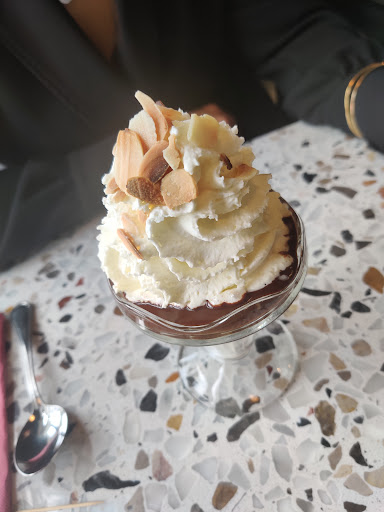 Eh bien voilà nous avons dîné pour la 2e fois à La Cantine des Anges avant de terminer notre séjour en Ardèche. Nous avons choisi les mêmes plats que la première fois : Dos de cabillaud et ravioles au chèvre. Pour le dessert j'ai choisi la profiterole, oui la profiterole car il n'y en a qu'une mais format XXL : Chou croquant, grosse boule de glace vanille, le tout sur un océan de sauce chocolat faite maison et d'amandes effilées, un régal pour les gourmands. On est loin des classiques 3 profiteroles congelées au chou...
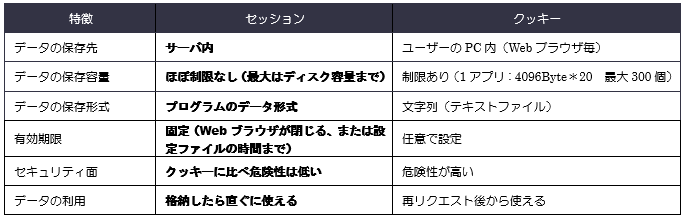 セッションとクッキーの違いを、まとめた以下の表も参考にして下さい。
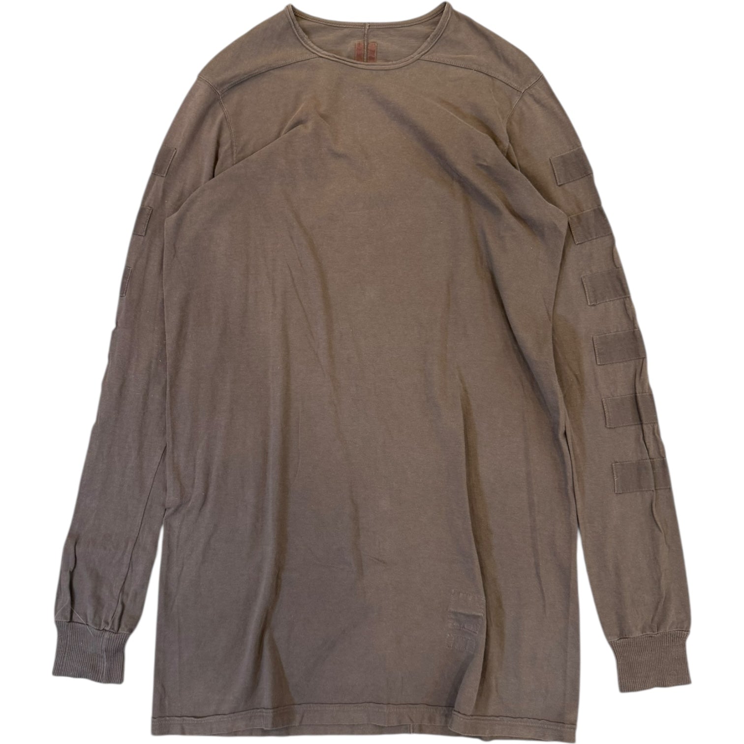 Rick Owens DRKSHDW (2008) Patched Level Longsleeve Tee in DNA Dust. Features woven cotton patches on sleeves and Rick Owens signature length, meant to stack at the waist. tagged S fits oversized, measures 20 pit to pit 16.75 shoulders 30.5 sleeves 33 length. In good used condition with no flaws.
══════
**EXERCISE INSTRUCTIONS:**
Wherever an image sits in the data, omit it; everything else must be copied exactly.

**PROBLEM SOLUTION:**
 Eh bien voilà nous avons dîné pour la 2e fois à La Cantine des Anges avant de terminer notre séjour en Ardèche. Nous avons choisi les mêmes plats que la première fois : Dos de cabillaud et ravioles au chèvre. Pour le dessert j'ai choisi la profiterole, oui la profiterole car il n'y en a qu'une mais format XXL : Chou croquant, grosse boule de glace vanille, le tout sur un océan de sauce chocolat faite maison et d'amandes effilées, un régal pour les gourmands. On est loin des classiques 3 profiteroles congelées au chou...
 セッションとクッキーの違いを、まとめた以下の表も参考にして下さい。
 Rick Owens DRKSHDW (2008) Patched Level Longsleeve Tee in DNA Dust. Features woven cotton patches on sleeves and Rick Owens signature length, meant to stack at the waist. tagged S fits oversized, measures 20 pit to pit 16.75 shoulders 30.5 sleeves 33 length. In good used condition with no flaws.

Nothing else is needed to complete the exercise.